Current law already demands to do that when cards are being run electronically. So, what is the innovation?
Lawmakers say that many businesses still use manual transfers and don't black out information that might be stolen by identity thieves.
If a thief has a credit card statement with an intact account number, it's not difficult to commit an identity theft. The law breaker can go online and buy practically anything that he or she wants.
It is also quite easy to order goods by telephone because the person doesn't have to provide any proof of identity or a signature. When identity theft of personal and banking information happens, the person committing the crime can exploit the whole limit of a credit card.
The above problem is serious not for Colorado citizens only, but for all U.S. citizens. The Federal Trade Commission estimates as many as 9 million Americans fall victim to identity theft each year. In Colorado alone there have been 2,660 reported victims of identity theft, with credit card fraud on the top of the list as the most frequent type of identity theft.
A new law will be an important step to prevent the credit card frauds.

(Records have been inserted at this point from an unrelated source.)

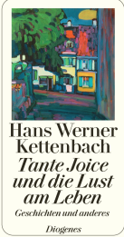
Aunt Joice and the Joy of Life 432 pages 2010

Hans Werner Kettenbach (1928 - 2018) studied many things over the years in four universities; he has worked as an advertising salesman, a shorthand secretary for the football magazine ›Kicker‹, a radio editor and finally as the editor of a newspaper. He wrote his first novel at the age of fifty. He has written a total of fourteen, five of which have been filmed. Critics have compared them to the works of Sjöwall/Wahlöö (›Plärrer‹), Simenon and Patricia Highsmith (›FAZ‹). In 2009 Kettenbach was awarded the ›Ehrengläuser‹ prize for crime writing for his life's work.
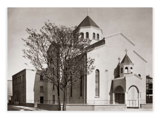
Lyon France XXe Century

Both the Church of St. Hripsime and the Cathedral of Etchmiadzin are recognized as the oldest surviving religious buildings in Armenia. As incunabula, they may have functioned as models for the churches today, which originated in areas populated by Armenians over the centuries. "Like all of the churches of Armenia," Tavernier declared in 1655 speaking of the type of cruciform church which he had also seen during his journey to St. Stephanos Church near Nakhichivan in today's Iran and in the dramatically positioned monastery of Khor Virap. Today, this monastery is the most photographed subject in the country [9]. Likewise, Claudio Gobbi could not escape a certain fascination with the scenery of the great Ararat and also recorded an image of the monastery for this publication.
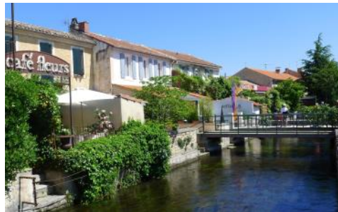
Isle sur la Sorgue
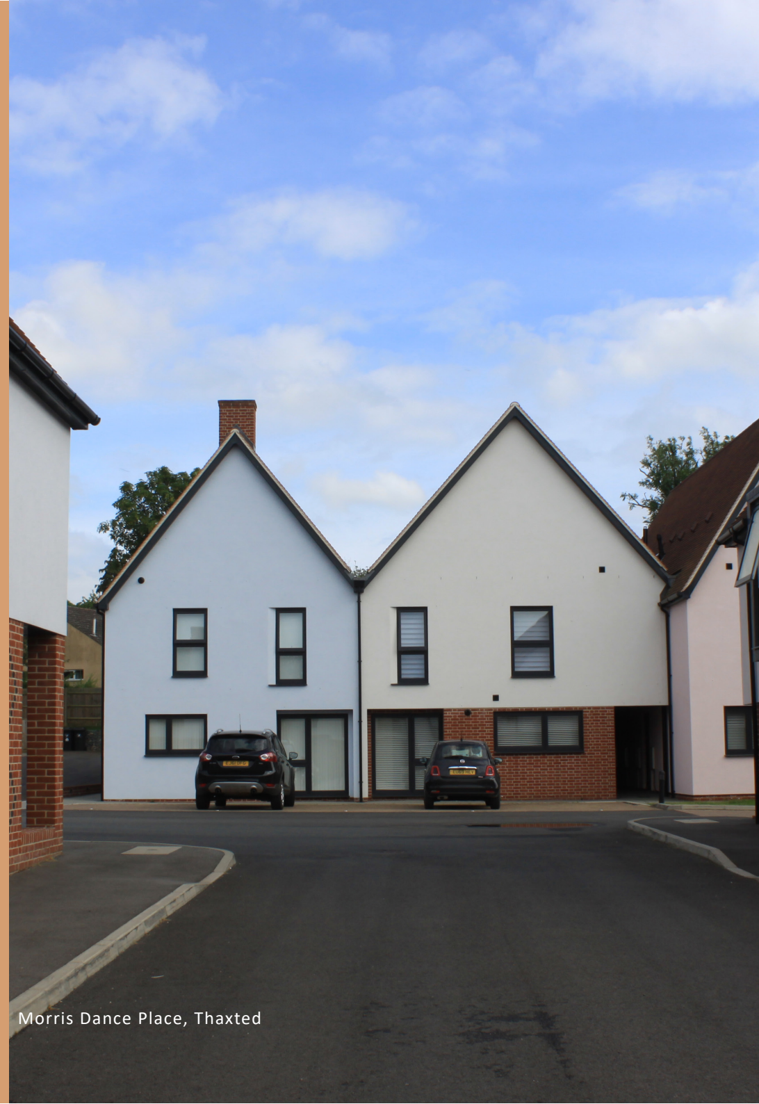
Morris Dance Place, Thaxted

During the formal review session, the LPA case officer will be asked by the Chair to provide a short presentation to further explain the planning and policy context of the project proposal, and what they will be looking for from the review. Therefore we recommend the planning officer completes a Powerpoint format proforma (example on the previous page) to allow a concise presentation with bullet points on the screen. This should take no more than 10 minutes. Following on from this, there will be a short Q+A session with the panel members to address any queries or clarifications regarding the information provided within the briefing report or case officer's presentation. The panel is open in allowing additional input for other consultees from the LPA to outline specialist concerns if required.
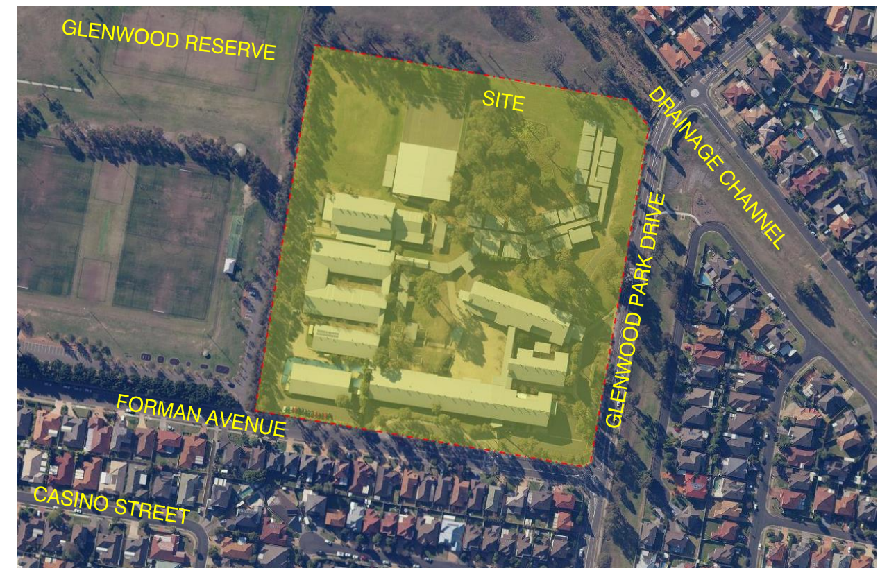
Figure 1: Entire Site

The built form and land use character surrounding the site is predominantly low scale, 1-2 storey dwelling houses. The site has a total area of 60,790m 2 . The site is legally described as Lot 5227 in Deposited Plan 868693.
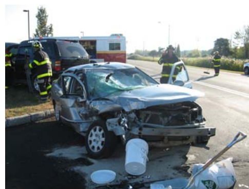
Motor vehicle crash, Bldg. 111, Dock 1, 09 October 2008
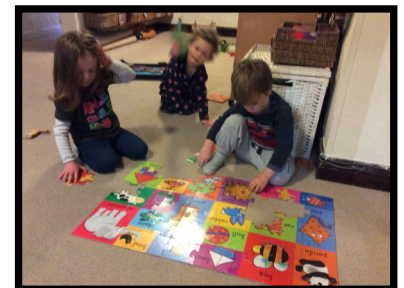
Working together to complete the puzzle.
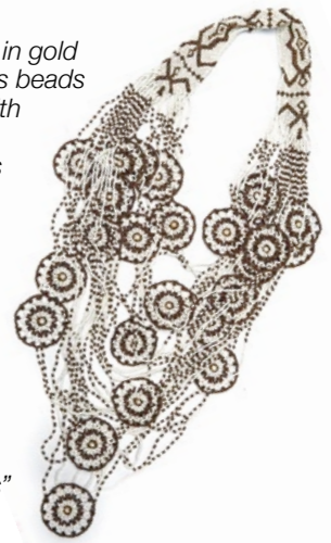
“This necklace in gold and white glass beads embellished with freshwater baroque pearls was inspired by the vibrant patterns of T’nalak, handmade by Tboli artisans from South Cotabato-based lifestyle brand Tribe Dreamweavers”
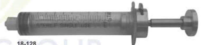
18-128 Fat Suction Syringe 10 ml
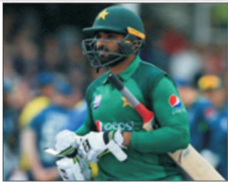
ODI in Bristol. The hard-hitting batsman has scored 342 runs in 16 ODIs at an average of 31.09.

Asif Ali featured in every game of the ODI series, scoring two fifties with a career best of 52 in the third

Senator Dan Gibbs, D-Silverthorne, says that these days there are still a lot of manual transfers in gas stations or smaller businesses. It takes only a second to black out all credit card numbers but the last four. Identity thieves looking for credit card statements that reveal another's personal information will not see anything. Dan Gibbs hopes that the new law will lead to fewer identity thefts.

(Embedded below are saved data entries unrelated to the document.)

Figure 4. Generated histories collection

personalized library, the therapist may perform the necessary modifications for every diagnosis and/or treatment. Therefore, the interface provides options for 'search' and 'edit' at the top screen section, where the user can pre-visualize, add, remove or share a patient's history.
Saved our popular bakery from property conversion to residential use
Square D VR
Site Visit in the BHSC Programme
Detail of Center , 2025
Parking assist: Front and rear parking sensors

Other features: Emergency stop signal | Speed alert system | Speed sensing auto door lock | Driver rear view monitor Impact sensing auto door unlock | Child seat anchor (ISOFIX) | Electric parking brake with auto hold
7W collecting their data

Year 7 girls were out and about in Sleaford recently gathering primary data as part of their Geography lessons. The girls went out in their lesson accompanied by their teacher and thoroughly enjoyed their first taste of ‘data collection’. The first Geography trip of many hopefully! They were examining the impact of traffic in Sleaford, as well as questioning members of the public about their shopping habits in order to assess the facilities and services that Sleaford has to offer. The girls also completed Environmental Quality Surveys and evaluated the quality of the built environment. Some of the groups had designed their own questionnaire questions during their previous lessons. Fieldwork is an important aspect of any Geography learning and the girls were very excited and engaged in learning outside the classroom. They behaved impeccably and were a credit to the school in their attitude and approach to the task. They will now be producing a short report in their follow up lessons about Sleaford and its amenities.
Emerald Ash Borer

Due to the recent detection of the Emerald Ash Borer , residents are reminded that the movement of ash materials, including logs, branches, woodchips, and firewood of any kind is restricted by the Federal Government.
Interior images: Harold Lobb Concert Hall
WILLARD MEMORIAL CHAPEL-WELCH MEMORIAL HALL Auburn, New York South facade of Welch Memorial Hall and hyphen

Relying on the new rule, don't forget about personal measures to keep from an identity theft. The most important way is not to open your personal information to anyone. That includes your credit card numbers, PINs, your social security number, bank account numbers and other identifying information.
Then, do not forget to tear up or shred credit card receipts, bills and any other items with personal information before throwing them into garbage. Thieves often search in the trash. Applying online for a new credit card is safer than sending your application by e-mail.
Protect all credit card accounts that you can with a password. Do not use such commonly chosen words as birth dates or a child's or spouse's name for passwords.
Check your billing statements each month for fraudulent accounts and other information. If you stop receiving your mail on time, someone may be using a fraudulent change of your address. Call the creditors first and then the post office to see if your address has been changed.
These simple measures together with the administrative support will help to protect oneself from identity theft.